LLM Cancer Mentor Apps such as Dave AI are revolutionary tools for cancer patients, caregivers, and physicians. It’s like having a WAZE for navigating the complex cancer diagnostic and care journey. Patients no longer have to wait for their next appointment to get answers to their questions. Health tech innovators realize that diagnoses leave patients anxious between doctor visits, and the best solution may often be well-trained LLMs. [See LLM Cancer Mentor “Dave AI” Offers WAZE-like 24/7 Personalized Support, Making it a Game-Changer in Patient Care.]
The Cost of Health Data Without Context
The rapid consumerization of health data has democratized healthcare in powerful ways, but its pace has opened gaps in care and introduced risks. The emotional toll can be high when consumers receive real-time results without contextual guidance.

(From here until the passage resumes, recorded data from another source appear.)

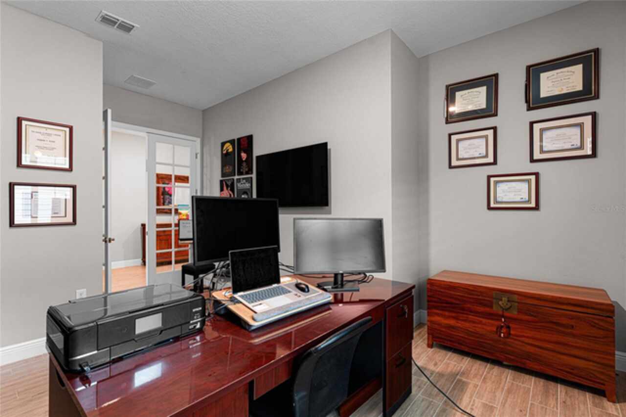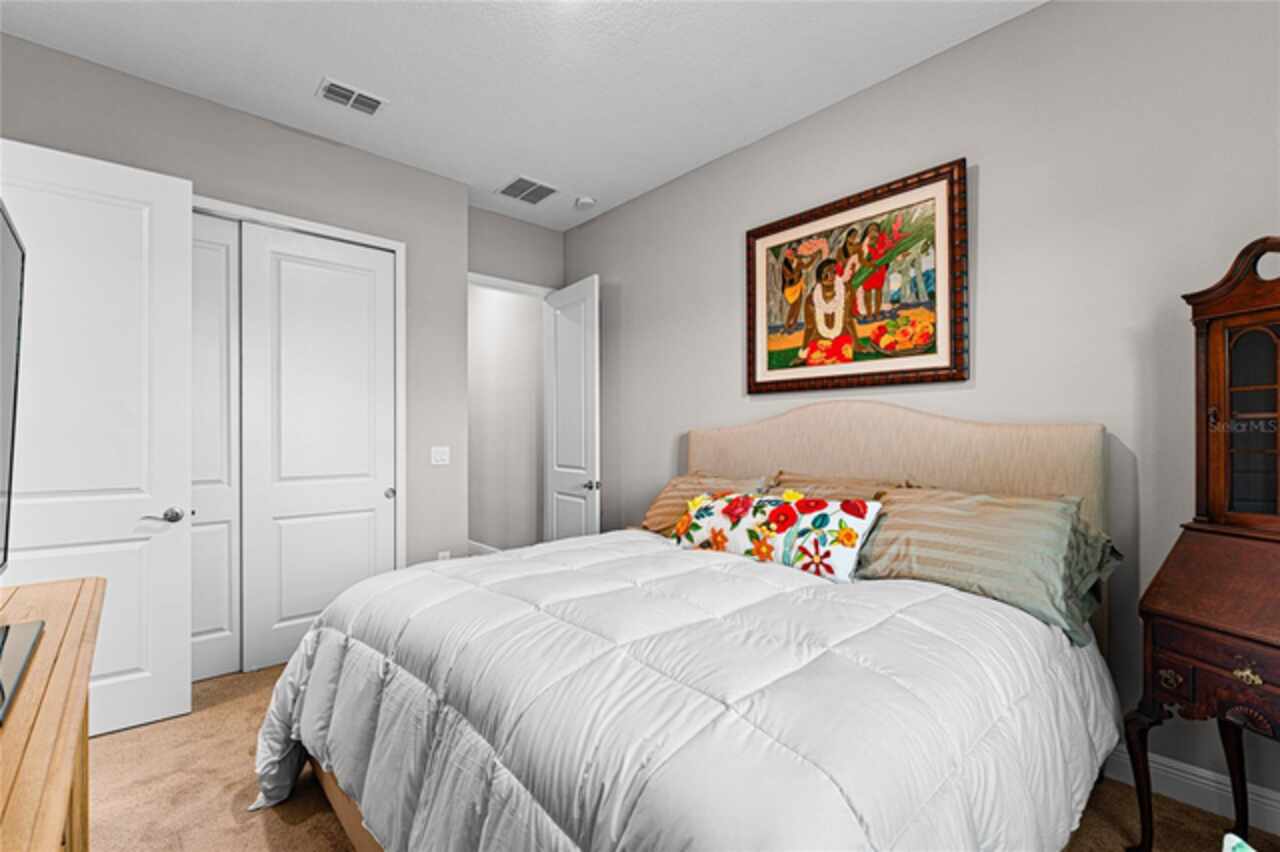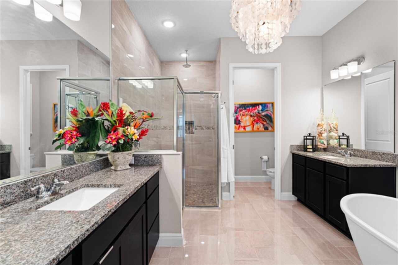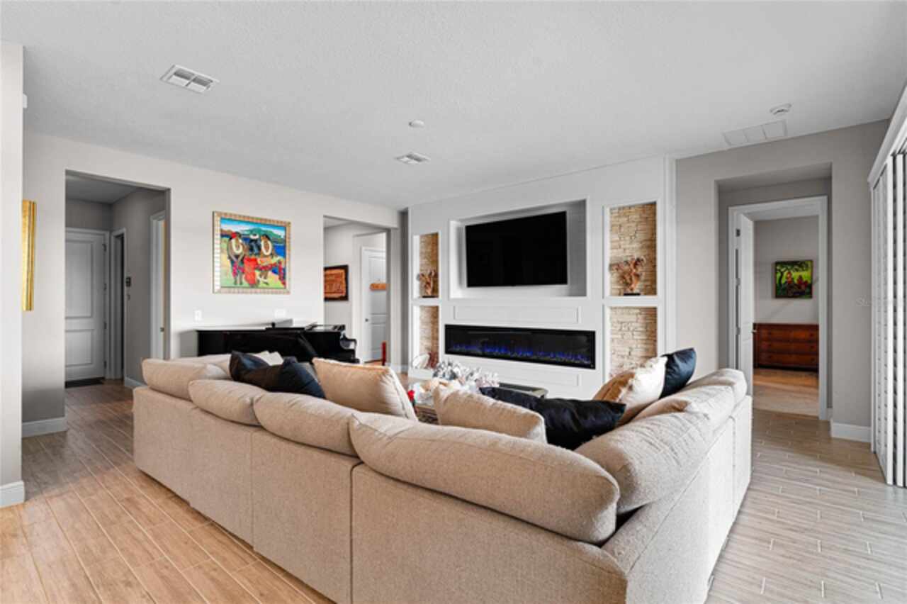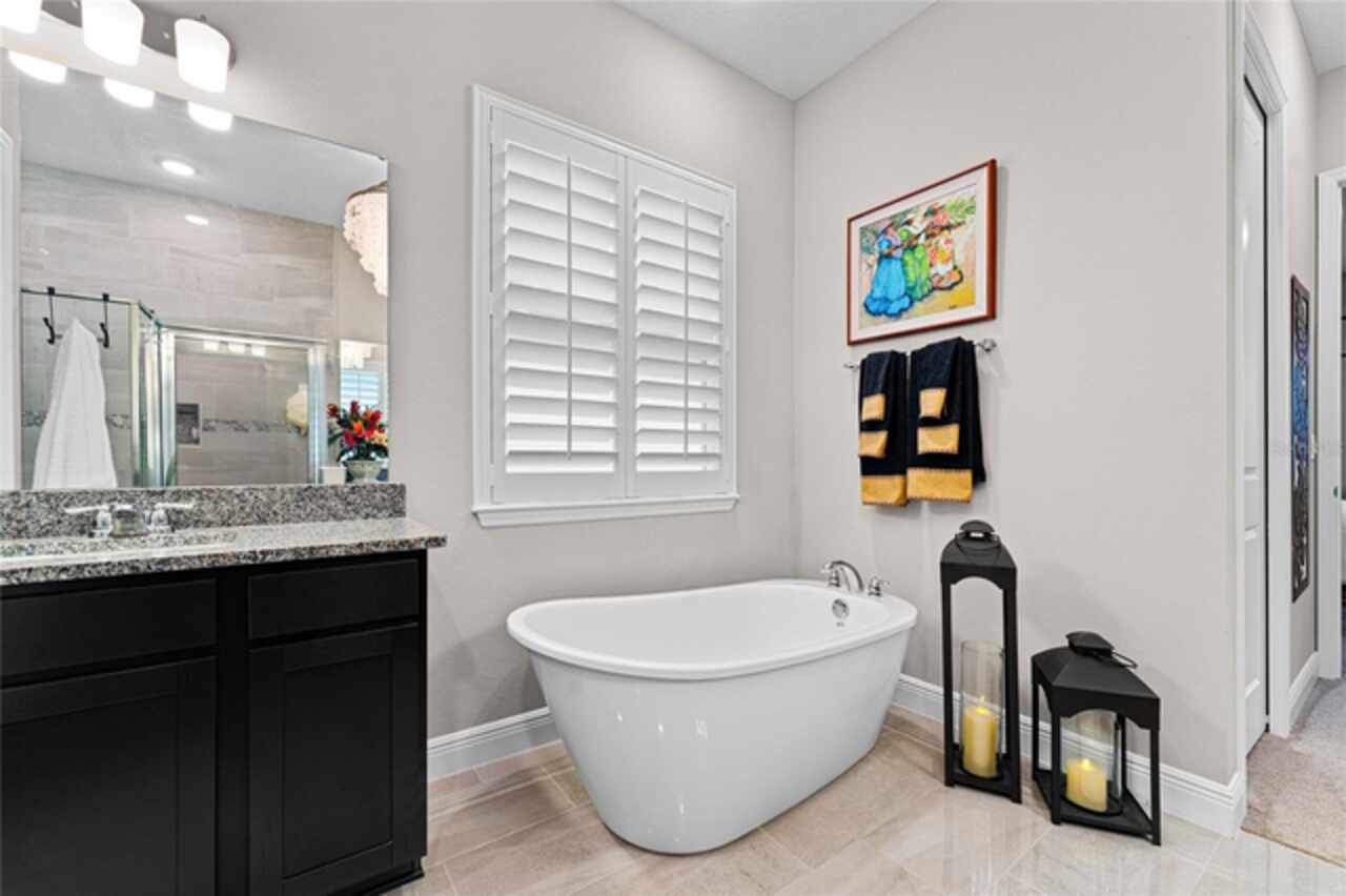 Live the lakefront dream in this impeccably upgraded, single-story stunner. Built in 2023 and zoned for Laureate Park Elementary, this home blends elegance and ease with panoramic water views and a private saltwater pool just steps from your covered patio. Inside, you'll find upgraded tile floors throughout, plantation shutters on every window, and custom electric fireplaces in both the living room and the primary suite. The gourmet kitchen opens to a spacious living area with your private pool and waterfront views —perfect for work or play. The primary suite is a true retreat, featuring high-end custom closets and a spa-inspired bath with a soaking tub, glass shower, and dual vanities. Additional custom closets extend to the pantry and laundry room, offering thoughtful storage throughout. The garage is equally refined, with an epoxy floor and built-in organization. A dedicated office provides flexibility and can easily convert into a fourth bedroom if desired. This is more than a home — it’s a lifestyle upgrade. Minutes from Lake Nona Medical City, dining, and major highways, yet tucked into a peaceful lakeside setting. This home is available immediately.
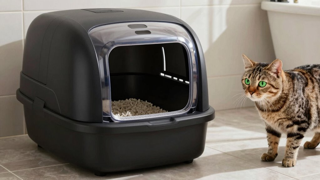 Think of your self-cleaning litter box as a fortress, but even fortresses face breaches. It effectively reduces bacterial growth through automatic sanitation maintenance, preventing buildup. However, it doesn’t eliminate all bacteria; some may develop resistance over time. You still need to regularly monitor and clean the unit to guarantee ideal hygiene. While it’s a helpful tool, don’t rely on it alone—personal vigilance keeps your cat’s environment truly safe.
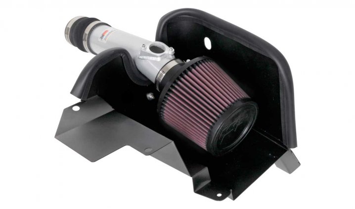 The K&N Typhoon air intake system is a free-flowing, mandrel-bent aluminum tube air induction system. The restrictive factory air filter and air intake housing are replaced by the K&N Typhoon air intake which is designed to dramatically reduce air flow restriction as it smoothes and straightens air flow. This allows your engine to inhale a larger amount of air than the factory air intake. More air means more usable power and acceleration throughout the engine’s RPM range. The air intake comes with a black rubber topped K&N high-flow air filter and a heat shield that installs into the previous air box space. Air is directed through the intake tube into the engine’s throttle body for a guaranteed power gain. The intake tube has an attractive silver powder-coat finish that's made to last and it accommodates the factory mass air sensor and crank case vent hose. The oversized cone shaped air filter can be used for up to 100,000 miles before servicing is needed depending on driving conditions. This air intake is relatively easy to install usually in 90 minutes or less.
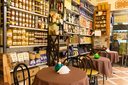 Trên kệ đầy ắp mứt và mật ong, giấm balsamic (một loại dấm được ví như hàng “quý tộc” được kết tinh từ nho đỏ, mật ong và lựu), dầu ô liu, mì ống, bánh quy homemade và rượu. Đây cũng là một nơi tuyệt vời cho một bữa ăn trưa nhanh chóng. Du khách có thể lựa chọn các món mì ống tươi và các món chính thay đổi hàng ngày chỉ từ €6 (khoảng 150.000vnd). Món ăn hỗn hợp của các loại thịt và pho mát có giá từ 8€ (khoảng 200.000vnd). Nguyên liệu phần lớn được cung cấp theo mùa, từ các trang trại riêng của gia đình.
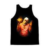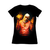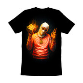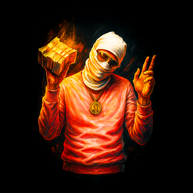 This design features a character holding a stack of money, exuding an air of mystery and wealth. The figure is depicted with a white wrap concealing their face, paired with reflective sunglasses that add to their enigmatic persona. The character is adorned with a gold chain and medallion, further emphasizing their affluent status. They hold a thick stack of cash in one hand and flash a peace sign with the other. The color palette is dominated by warm tones, with oranges and yellows creating a sense of heat and intensity, set against a dark background that enhances the contrast and focuses attention on the subject. The overall style has an illustrative quality, with detailed shading and texture that brings the character to life.
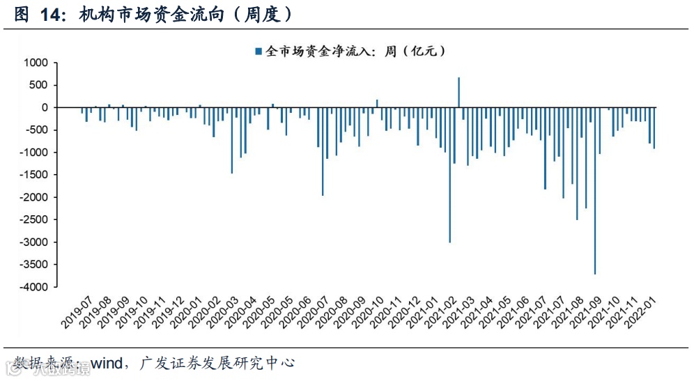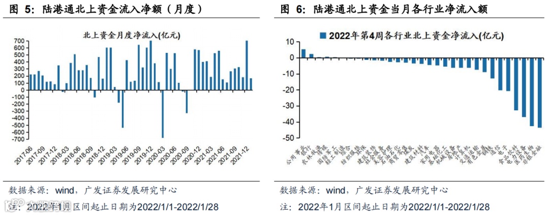 (5)陆港通北上资金流入净额:上周陆股通北上资金净流出261亿元,前一周净流入292亿元。截至2022年1月28日,2022年1月北上资金净流入168亿元。上周净流入行业前五名是公用事业、银行、农林牧渔、传媒、国防军工,净流出行业前五名是非银金融、医药生物、电力设备、食品饮料、电子。
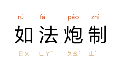 引《儿女英雄传》第五回:“等明日早走,依旧如法炮製,也不怕他飞上天去。”
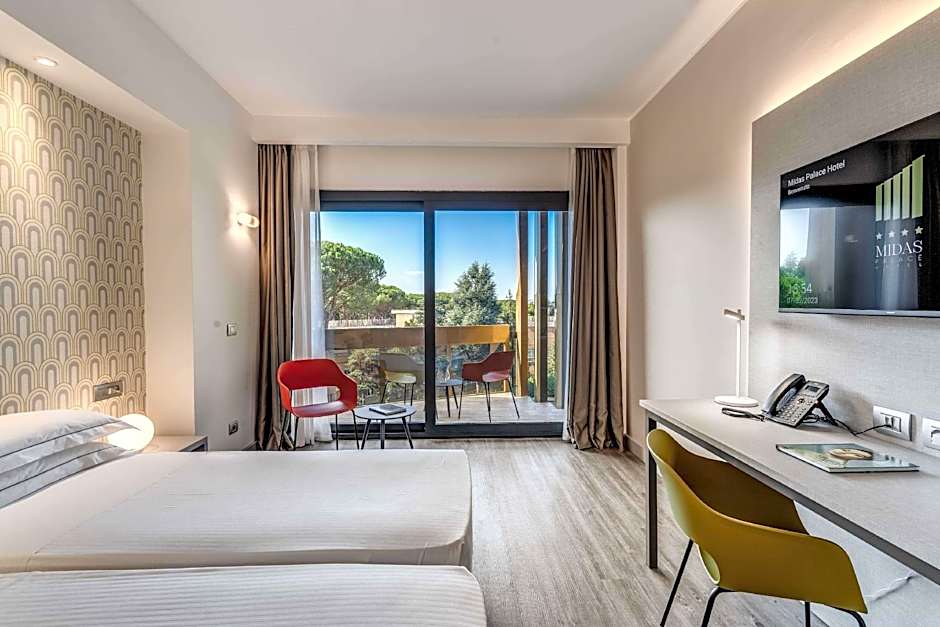 Hotel Midas Roma, a four-star escape in Italy, is part of the Barcelo Hotel Group. Nestled in Rome, it sits about from the city center, at 22 Via Raffaello Sardiello. A stylish base for explorations, this property blends modern comfort with a touch of Mediterranean charm.
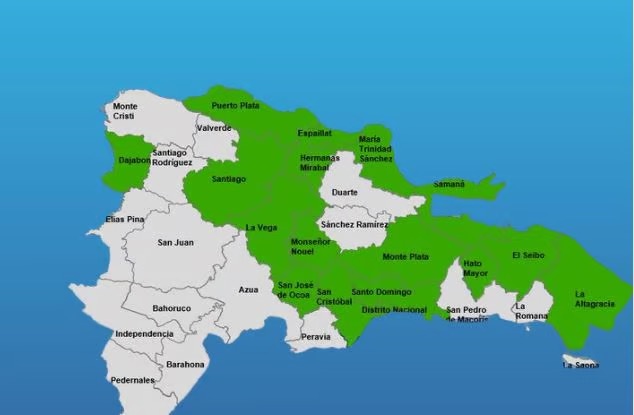 Las provincias en alerta verde son: Santo Domingo, Distrito Nacional, Monte Plata, Hato Mayor, La Vega, Espaillat, San Cristóbal, La Altagracia, María Trinidad Sánchez, Hermanas Mirabal, San José de Ocoa, Monseñor Nouel,Dajabón, Puerto Plata, Samaná, El Seibo y Santiago.

Data that might otherwise encourage patients to engage actively in their wellness may instead provoke anxiety, confusion, or even mistrust in their own body’s signals.
“In clinical trials and healthcare, acknowledging and addressing the psychological symptoms brought on by the diagnosis, prognosis, and treatment of many conditions is vital,” writes Emily Epstein, LMSW, a Weill Cornell staff members who advocate for the inclusion of mental health support research and medical settings. “When a provider overlooks the anxiety that accompanies the stress of managing physical symptoms, a disservice is done to the mental well-being of the patients and participants, which can have adverse effects on the trial itself,” she adds.
A Call for Physician-Guided Digital Health Experiences
Access to lab results is part of a significant and positive cultural shift in health, where the focus has moved toward patient empowerment and shared decision-making. However, for true empowerment, patients need more than raw data; they need empathetic guidance in understanding their data’s meaning in the context of their unique health profile. To address this, health systems and app developers should incorporate sophisticated LLM resources that help educate users about the strengths and limitations of raw lab data and how to navigate the journey better ahead.
Empowered patients are educated patients capable of better understanding their health journeys in partnership with their health providers. As we advance, let’s strive for a digital health environment where patients can access their results clearly and confidently and know that communication is always part of the care.